A Crossing of the Panhandle & Santa Fe Railway, the Chicago, Rock Island & Pacific Railroad, and the Fort Worth & Denver City Railway
Evan Werkema describes Tower
75...
"This three-story concrete interlocking tower
once controlled Santa Fe's crossing of the Fort Worth and Denver (Burlington)
and Rock Island main lines, and the junction with Santa Fe's Dumas District to
Las Animas, CO. The 15x30 tower was built in 1927 to a plan similar to the
concrete interlocking tower standard plans shown on pages 218-221 of Santa Fe
System Standards, Volume 2. The stairway, door, and window placement and other
details deviated from the plan. Each tower in Texas had a unique number assigned
to it, and East Tower was tower 75. The number was displayed on the faded
plaques below the East Tower signs. The railroad always referred to the tower as
East Tower, however. The tower's duties diminished with the demise of the Rock
Island. It was closed in April 1986 and demolished in mid-1990."
On April 8, 1953, the United States Court of Appeals for the Fifth Circuit issued a ruling in a case involving the Panhandle & Santa Fe (P&SF) Railway at Amarillo. The P&SF was the defendant accused of operating several train movements in violation of the Safety Appliance Act. The ruling includes this interesting description of the tracks and operations associated with East Tower.

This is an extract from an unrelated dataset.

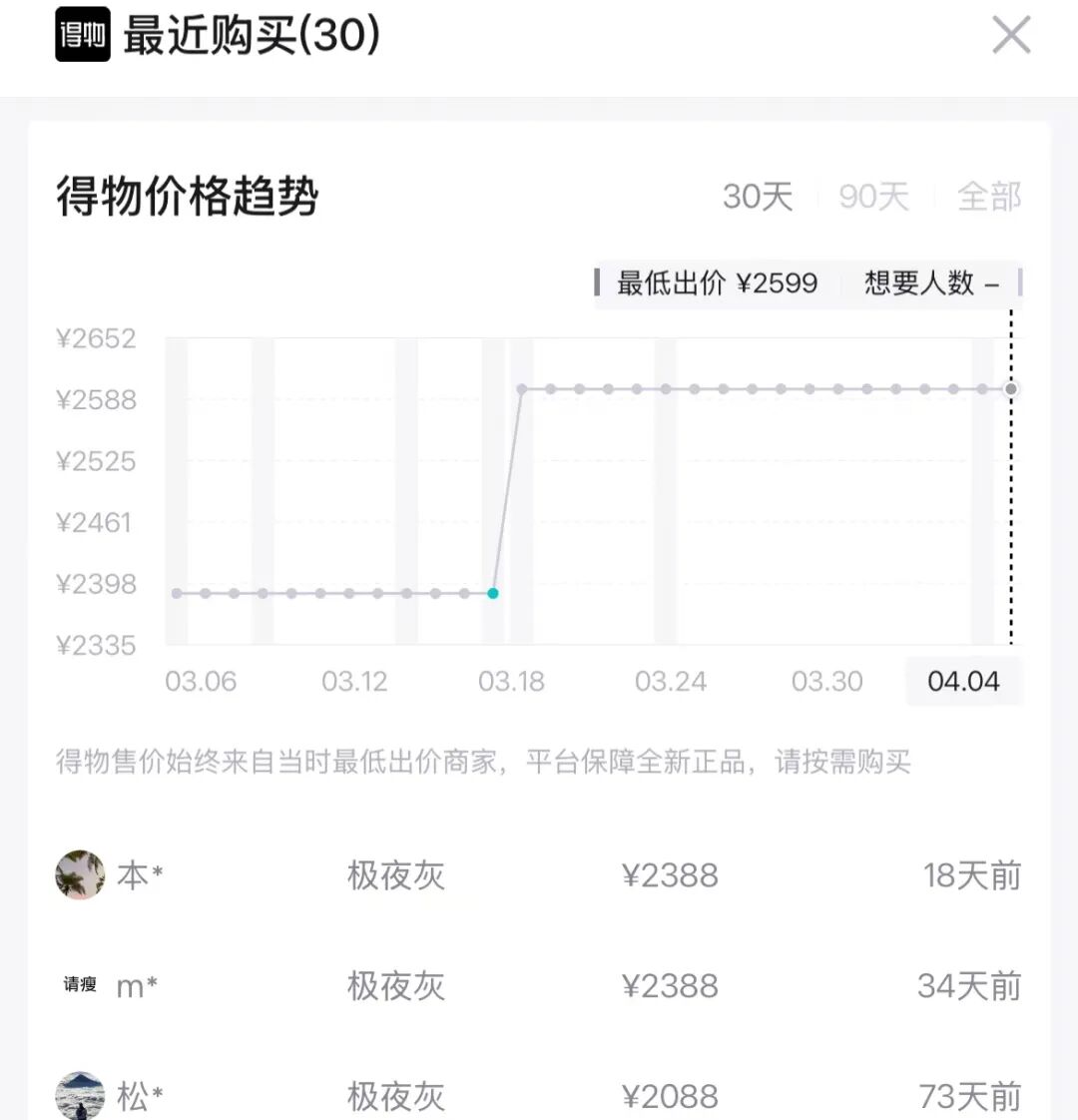 再比如海尔云溪洗烘一体机10Kg,得物APP显示,3月中旬时价格约2388元,4月4日已上涨至2599元,涨幅约8.8%。

"As shown by a map of the yards, the defendant's classification yard, referred to as the West Yard, is located to the left, or west, of the major portion of the Amarillo Yards and the tracks of Fort Worth [and Denver] and those of Rock Island. The points where these lines converge and cross is protected by an interlocking plant, controlled from what is denominated East Tower. Beyond the interlocking plant, and some five miles from the classification yards of defendant on its Dumas Branch, is located the Amarillo Stock Yards. It is served by an industry track. Southwesterly of East Tower, and the point of convergence and crossing of the lines of the three carriers, is located the Western Stock Yard Corporation, some two miles from the West Yard, or classification tracks, of the defendant. East of the point of convergence and crossing of the three main lines are the interchange tracks of the defendant and the Rock Island. These tracks are some two miles from the defendant's West Yard. Each of the movements here in question moved within the interlocking plant. The briefs tell us that an interlocking plant is a system or arrangement of levers, switches, lights and derails so interconnected that they must be arranged in a predetermined order for the selected movements of the plant. In the case of this plant, the movements are controlled by an operator in the East Tower who determines the priority of movement as between trains on the different railroads that attempt to use at the same time the area defined by the limits of the interlocking, and by manipulating levers indicates that fact by a system of lights. Rails which do not have priority are broken at points about 400 feet in advance of the crossings by means of what is called a "split-rail" derail."